## TASK TO CARRY OUT
Nothing but the lines from the one with "early on.[1] | |" through the end of the material should be retyped, word for word and without pictures.

━━━ DATA BLOCK ━━━

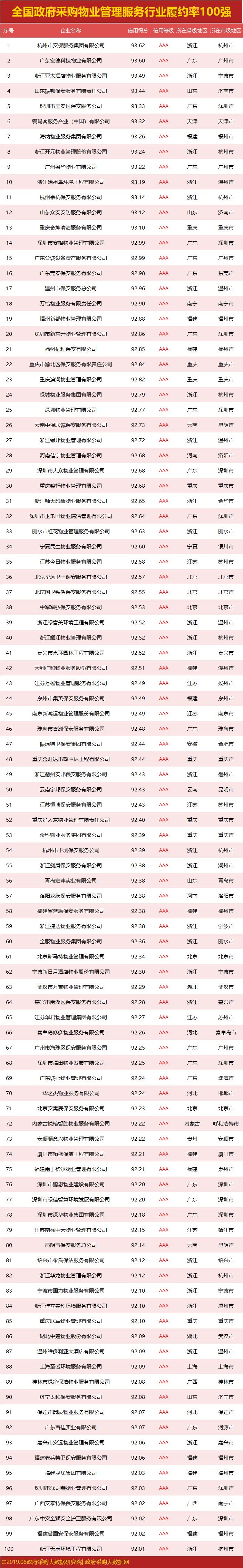 重磅!全国政府采购物业管理服务供应商履约率百强花落谁家?
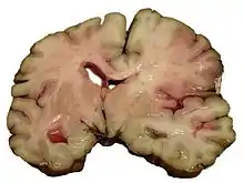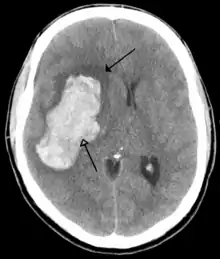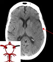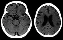 | CT scan of the brain showing a prior right-sided ischemic stroke from blockage of an artery. Changes on a CT may not be visible early on.[1] | |
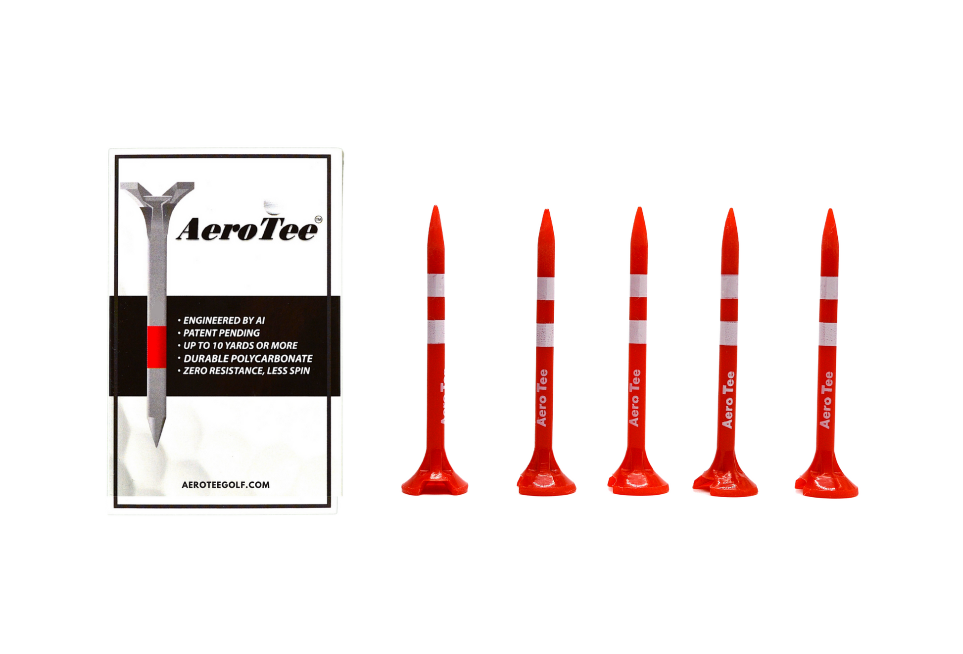 Aero Tee : AI- Engineered and Designed with AI - Patented USGA Approved Equipment Brand - 5 of 3.25" golf tees in a box / RED

━━━

## RESPONSE TO THIS EXERCISE
 | CT scan of the brain showing a prior right-sided ischemic stroke from blockage of an artery. Changes on a CT may not be visible early on.[1] | |
 Aero Tee : AI- Engineered and Designed with AI - Patented USGA Approved Equipment Brand - 5 of 3.25" golf tees in a box / RED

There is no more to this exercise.